Tame dastard slaves! who your profession shame,
And fix disgrace on our great founder's name.
Think what late sectaries (an ignoble crew,
Not worthy to be ranked in sin with you)
Inspired with lofty wickedness, durst do:
How from his throne they hurled a monarch down,
And doubly eased him of both life and crown:
They scorned in covert their bold act to hide,
In open face of heaven the work they did,
And braved its vengeance, and its powers defied.
This is his son, and mortal too like him;
Durst you usurp the glory of the crime,
And dare ye not? I know, you scorn to be
By such as they outdone in villany,
Your proper province; true, you urged them on,
Were engines in the fact, but they alone
Shared all the open credit and renown.
But hold! I wrong our church and cause, which need
No foreign instance, nor what others did.
Think on that matchless assassin, whose name
We with just pride can make our happy claim;
He, who at killing of an emperor,
To. give his poison stronger force and power
Mixed a god with't, and made it work more sure:
Blessed memory! which shall through age to come
Stand sacred in the lists of hell and Rome.

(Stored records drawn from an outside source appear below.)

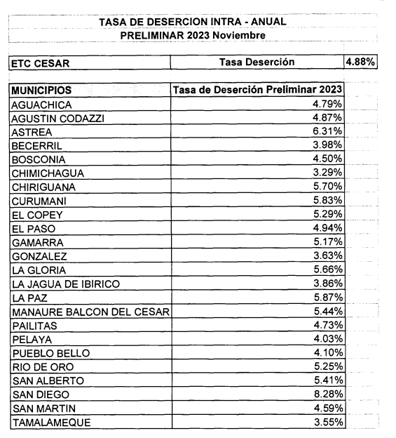 En el caso del departamento del Cesar, excluyendo Valledupar, durante el 2023 se tuvo una población de 155.783 estudiantes, con una tasa de deserción de 4,88 %. Eso significa alrededor de 7.602 estudiantes que comenzaron, pero no terminaron el año escolar en el 2023.
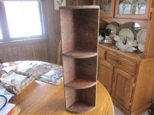 ANTIQUE VINTAGE SHOESHINE CARRIER MADE INTO CUPBOARD WITH OLD ITEMS
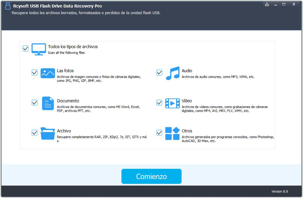 Descargue, instale y ejecute el software Rcysoft USB Flash Drive Data Recovery Pro en su computadora. Seleccione los tipos de archivos que desea recuperar y haga clic en el botón "Inicio".
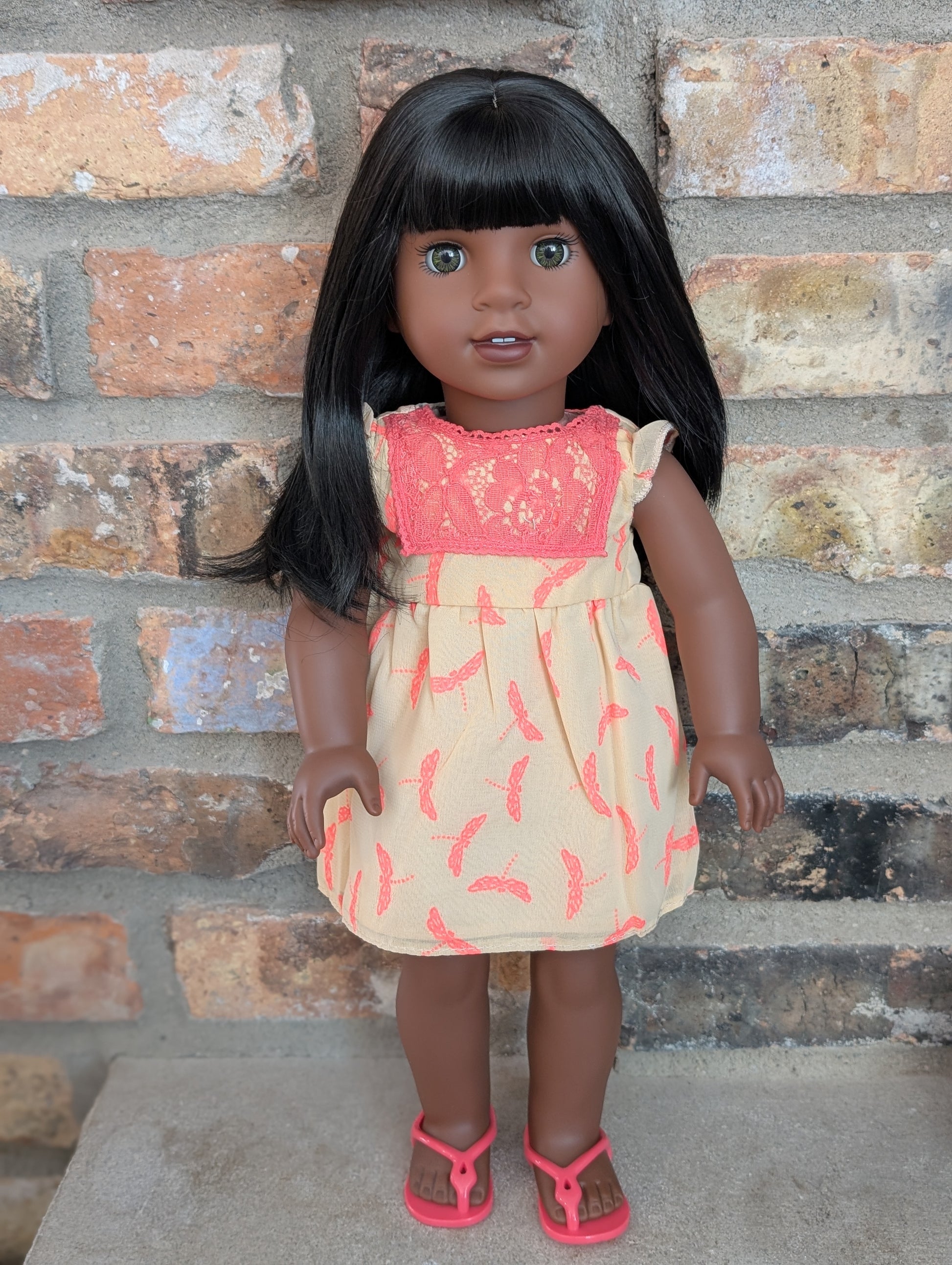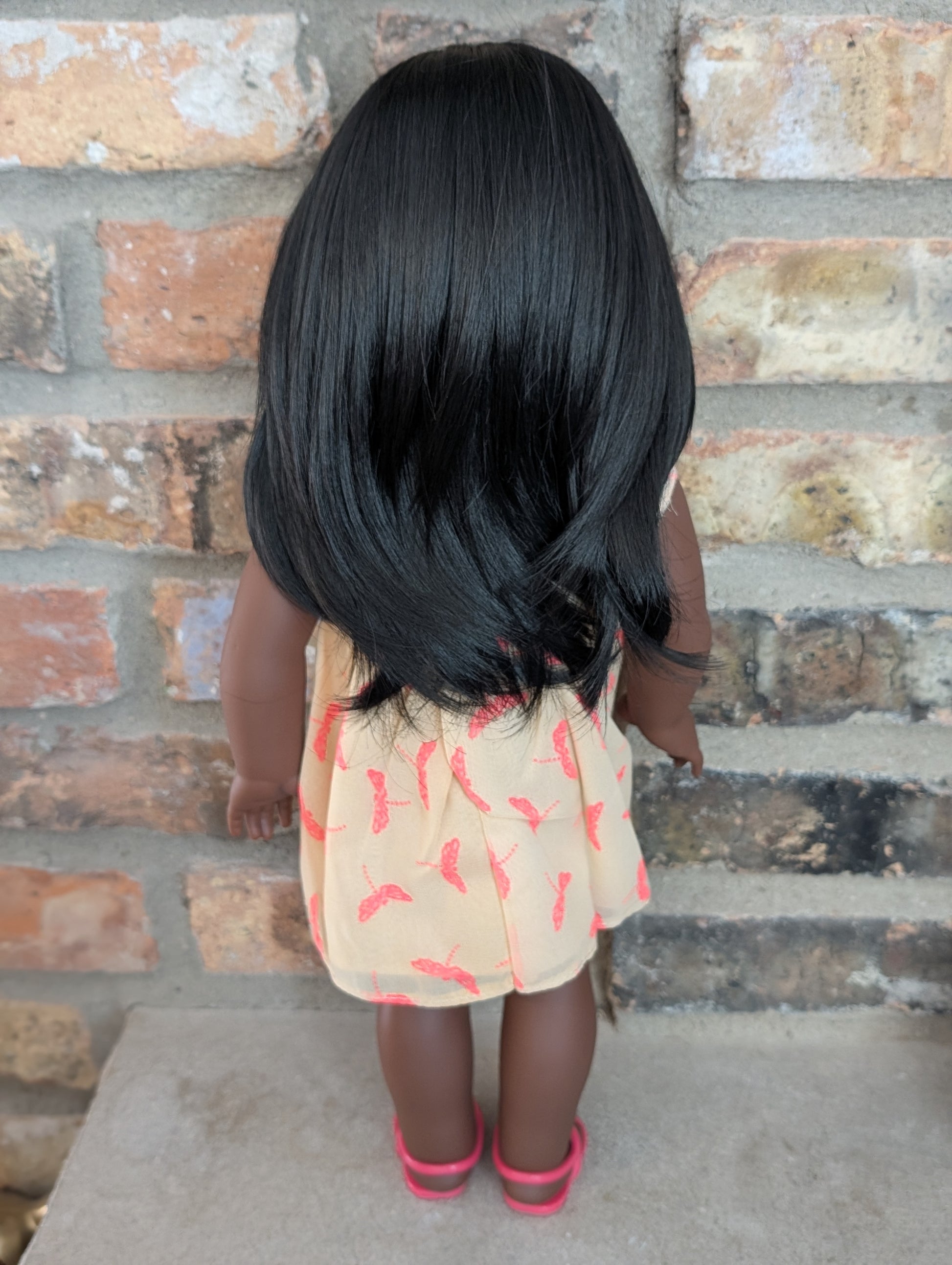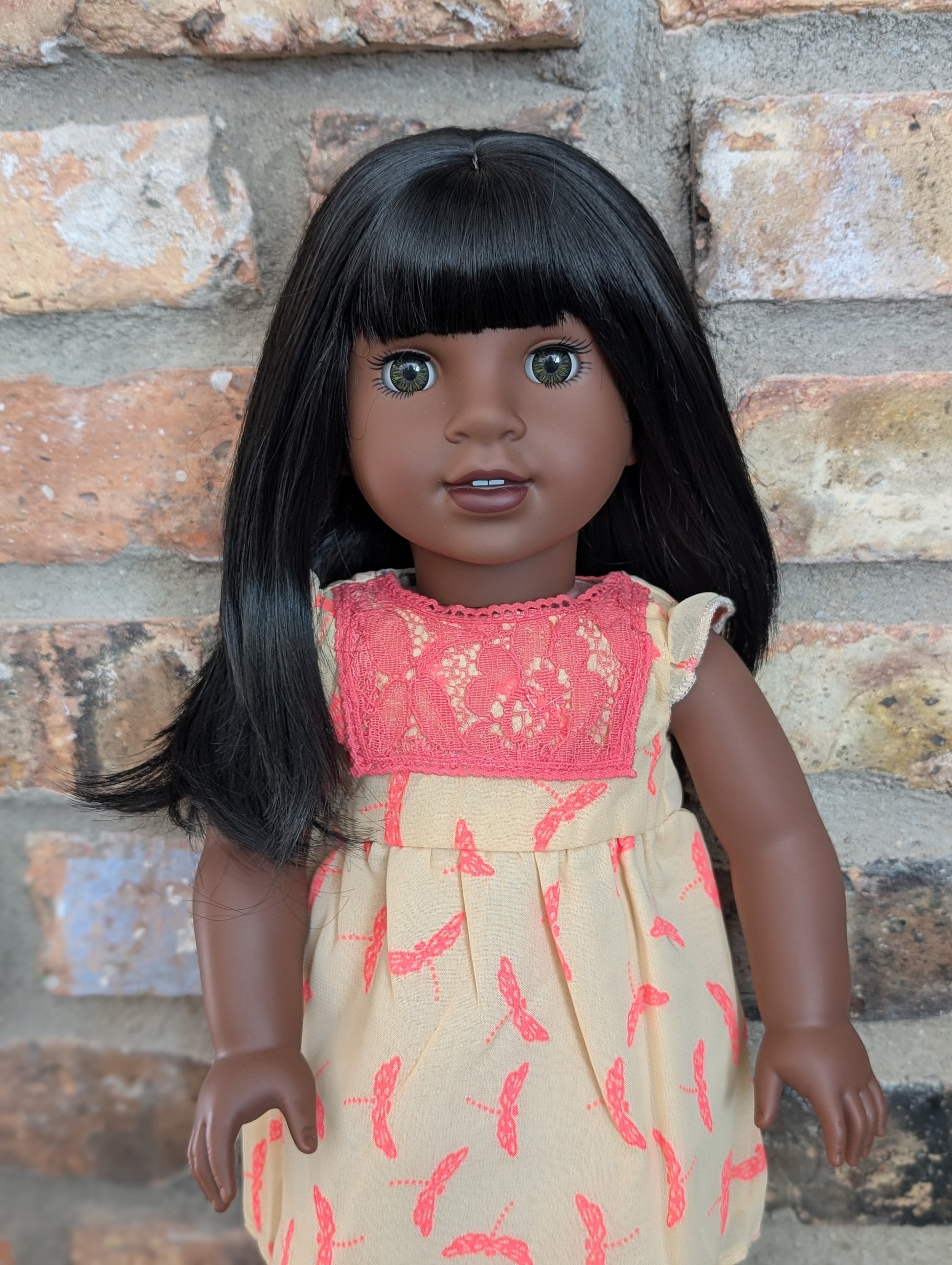 This one of a kind OOAK custom American Girl doll was created with a brand new doll, a black wig, and hazel eyes. She may have some minor shine marks from handling. She comes with the outfit pictured.

Let our great Clement[1] and Ravaillac's[2] name,
Your spirits to like heights of sin inflame;


  1. Jacques Clement, a Dominican monk, who assassinated Henry III. at St. Cloud, in 1589, in the same chamber, it is said, where Henry, as Duke of Anjou, assented to the massacre of the Huguenots. Having obtained admission under the pretext of business of importance, Clement, whose fanaticism was stimulated by the Duchess de Montpensier, put a letter in the King's hand, and stabbed him while he was reading it. The regicide was killed on the spot by the attendants. Clement was almost deified for this deed. His portrait was placed on the altars of Paris beside the Eucharist; a statue was erected to him in Notre Dame; the Sorbonne demanded his canonization; and Pope Sextus V. pronounced a panegyric upon his memory.
  2. François Ravaillac, executed in 1610 for the murder of Henry IV.